Sfruttando questa semplice idea, gli algoritmi genetici si sono dimostrati negli anni in grado di risolvere problemi complicati, esattamente come gli esseri viventi sono generalmente in grado di adattarsi con successo alle condizioni ambientali e anche di sopravvivere in situazioni ostili. Inoltre, l’idea è in sé molto semplice e si può applicare a contesti diversi senza che sia necessaria una comprensione approfondita del problema. Bastano, una popolazione iniziale (nel nostro caso, una serie di pavimenti) e modi per lasciarli evolvere alla ricerca di prestazioni migliori, favorendo gli individui di maggiore successo (cioè i pavimenti che più incorporano i pattern semplici fondamentali osservati prima).
Forse, allora, non è sorprendente che gli algoritmi genetici possano essere utili per riprodurre alcuni dei pattern estratti da immagini, anche se non è agevole dire come né descrivere verbalmente il significato di quanto si trova. Quello che vi ho detto di può riassumere come segue: Un po’ di spirito critico aiuta e vale la pena ricordare che:
  • non sappiamo che cosa è generato dall’algoritmo nel senso che non siamo in grado di descriverlo verbalmente. Abbiamo utilizzato una scatola nera che non ci consente di vedere il meccanismo ma solo di ispezionare i risultati;
  • il pavimento prodotto dall’algoritmo è simile all’originale di Scarpa? Non lo sappiamo. Ma approssima alcune sue proprietà fondamentali e inoltre, ogni volta che uso il programma, si ottengono pavimenti diversi per la presenza di casualità nel processo (ma in un certo senso, tutti i risultati sono fratelli).
E ora vi mostro tre esempi di pavimento-mosaico. Qual’è l’originale di Scarpa? Che siate in grado, o meno, di distinguere quello vero potrebbe avere scarsa importanza e sarebbe già un onore aver creato pavimenti possibili…

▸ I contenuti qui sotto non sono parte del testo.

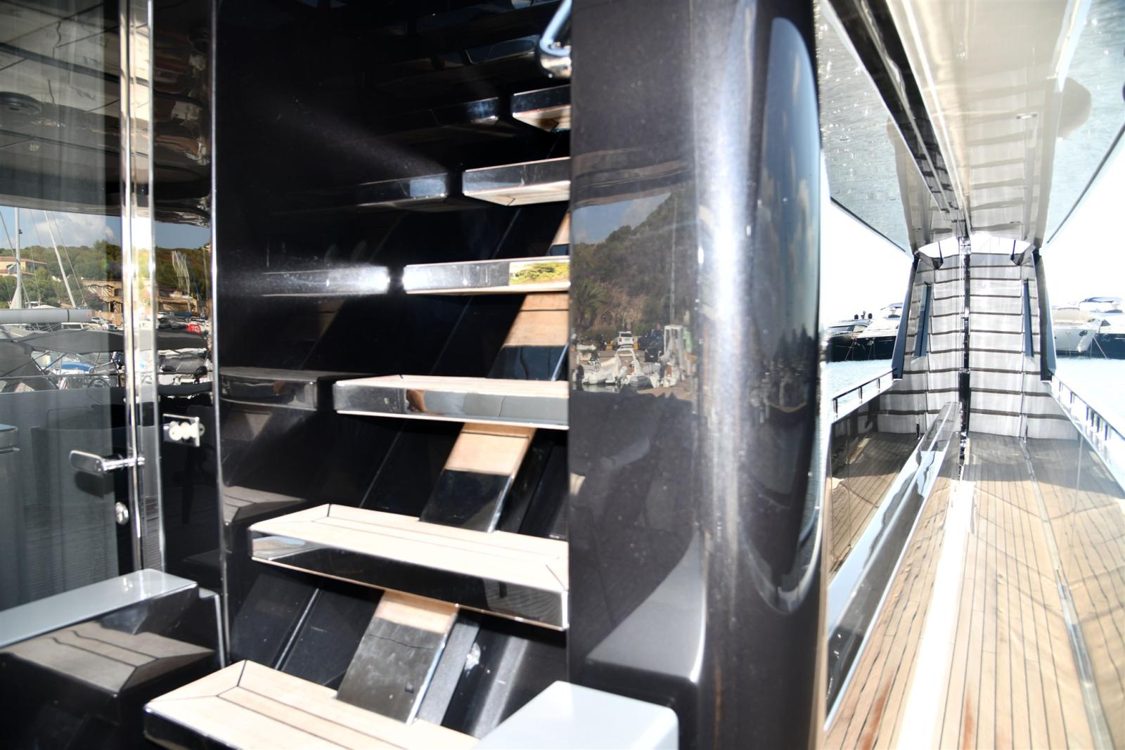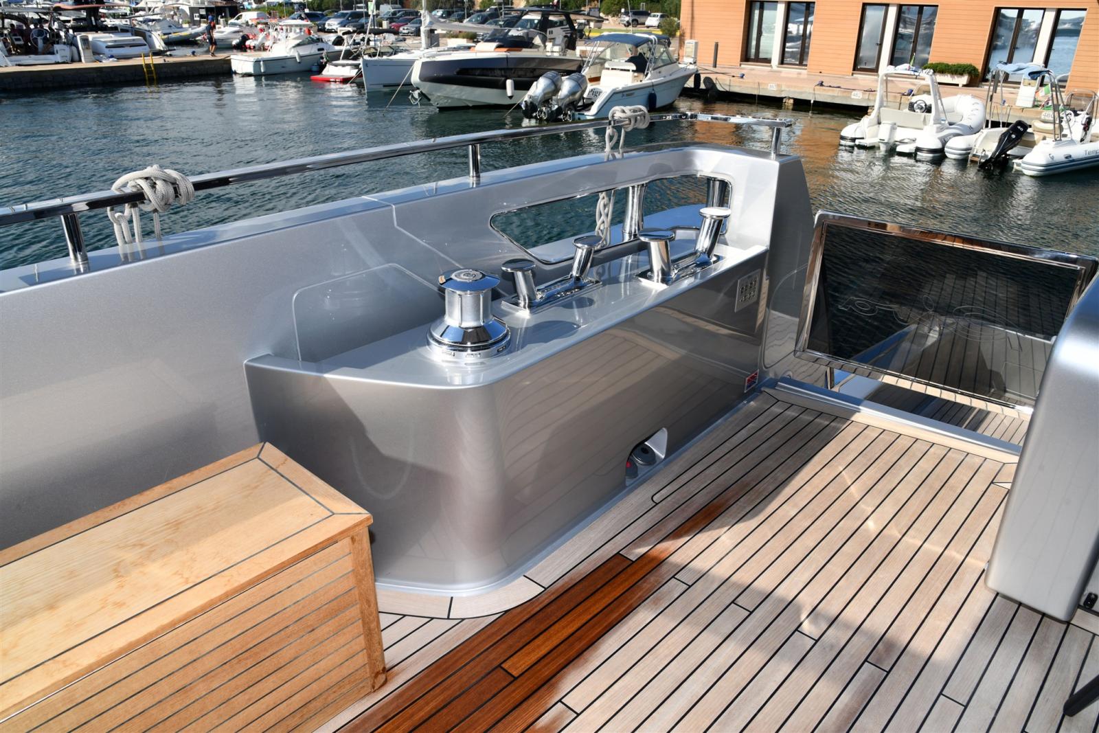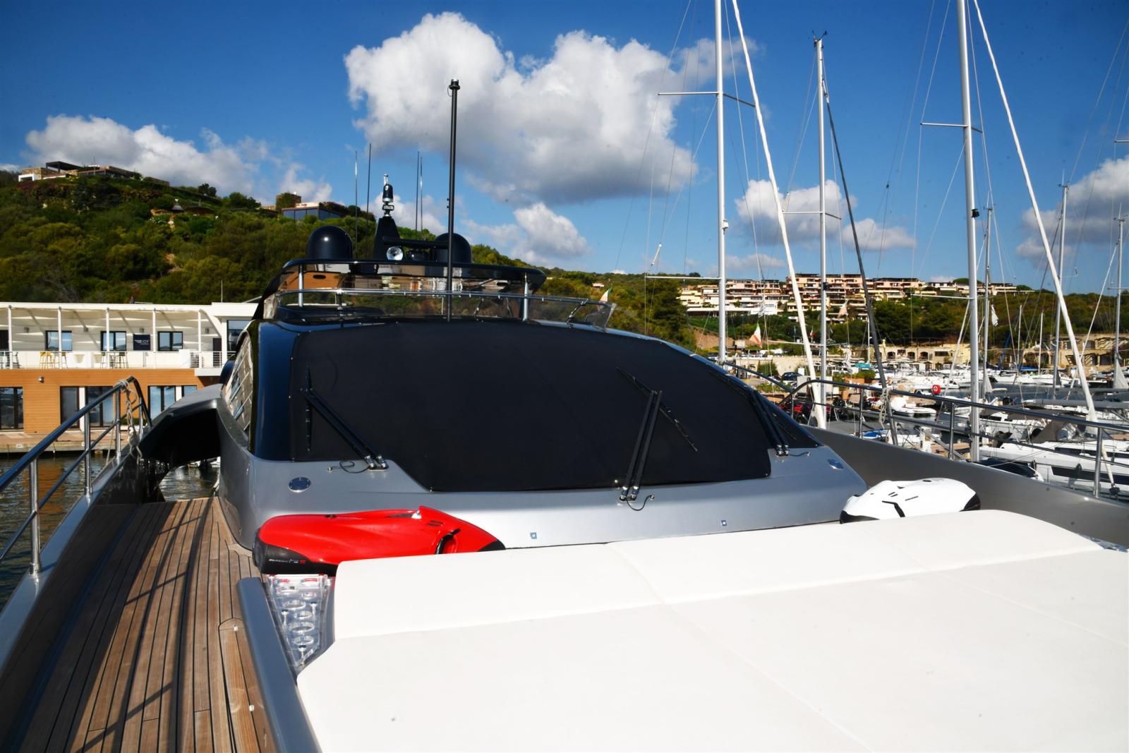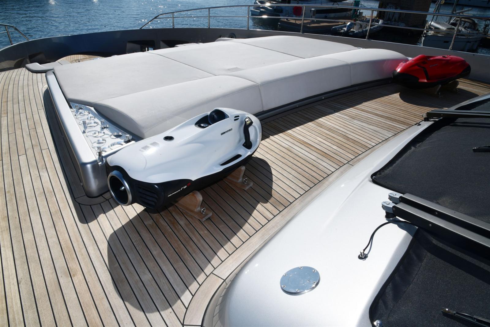 Allarme fumo/gas, Allarme motore, Allarme sentina, Alternatore, 2 Ancora (in acciaio da 105 KG piu 120 MT di catena), 2 Autoclave, Auto-Trim, Batterie (2 gruppi da 24 dedicate ai gruppi motori e servizi), Bitte Abbattibili (SOLO IN PEDANA), Bocche di Lupa, Camminamenti laterali in teak, 3 Caricabatterie (automatico dedicato alle batterie motori e uno dedicato ai servizi), Colorazione speciale (shark grey), Doccia esterna, 2 Doppia timoneria (piu terza a poppa), Elica di poppa - stern thruster (Idraulica), Elica di prua - bow thruster (Idraulica), Fari fissi a poppa, Faro orientabile, Garage per tender, Impianto antincendio, Indicatori Flaps, Lavaggio catena, Luci di cortesia, Luci subacquee, Moto d'acqua, Passerella (a scomparsa idraulica), Pompa di sentina automatica, Pompa di sentina manuale, Pompa Lavaggio Ponte, Porta ingresso (Elettrica), Porta laterale (Elettrica), Pozzetto Teak, Presa 220V banchina, Presa acqua banchina, 3 Raddrizzatore (2 PER SERVIZI 1 PER MOTORI), 2 Salpa Ancore Elettrico, Scaletta da bagno (in carbonio), Selle per Tender (in garage), Sistema Depurazione acque nere, Stabilizzatori (Pinne idrauliche e Seakeeper interno), Tavolo pozzetto (differente), Tender (williams 445 diesel jet), Tientibene con cancelletti, Tromba.
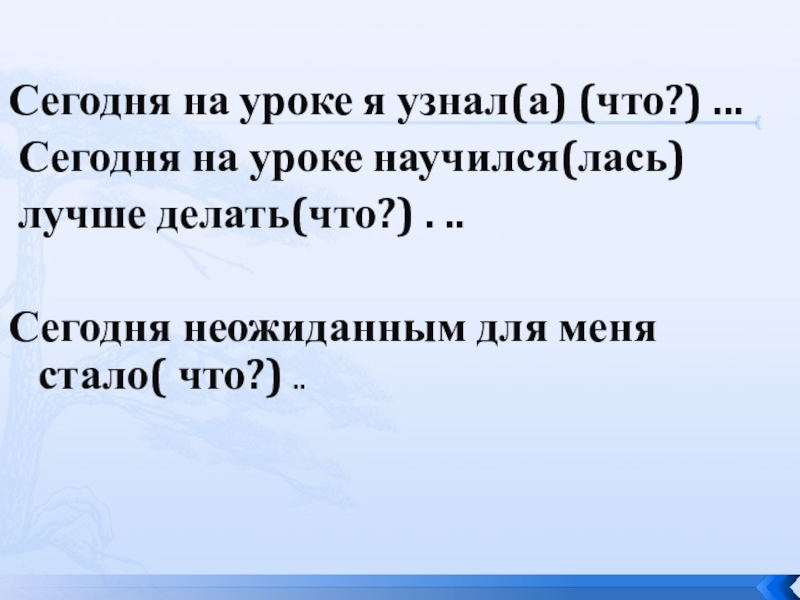 Сегодня на уроке я узнал(а) (что?) ... Сегодня на уроке научился(лась) лучше делать(что?) . .. Сегодня неожиданным

Per concludere, possiamo dire di aver capito, intendo capito veramente, quello che Scarpa aveva in mente? Non lo so e anzi, in tutta onestà, credo di no. Tuttavia, abbiamo catturato alcune delle caratteristiche profonde e fondamentali di quella disposizione di tessere, marezzata, cangiante, accogliente e vivace. A uno nato in campagna come me, a pochi km da S. Vito, veder fiorire ``spontaneamente’’ pavimenti così belli pare pur sempre una specie di miracolo.

Scarpa morì nel 1978 a Sendai mentre era in Giappone. Abbiamo ricordato da poco i 40 anni dalla morte. Ci manca il suo genio, la sua umanità e il suo lavoro. Ci manca il coraggio e il talento di spiriti liberi e folli come lui, che sapevano seminare novità e bellezza in una città come Venezia, cosi suggestiva e incantatrice da essere intimidatoria. Scarpa ci manca ma spero che condividiate l’illusione che la matematica possa catturare, o forse solo rubare, alcune delle idee e dei doni che l’architetto ha lasciato a questa città e a noi tutti. Grazie per l’attenzione.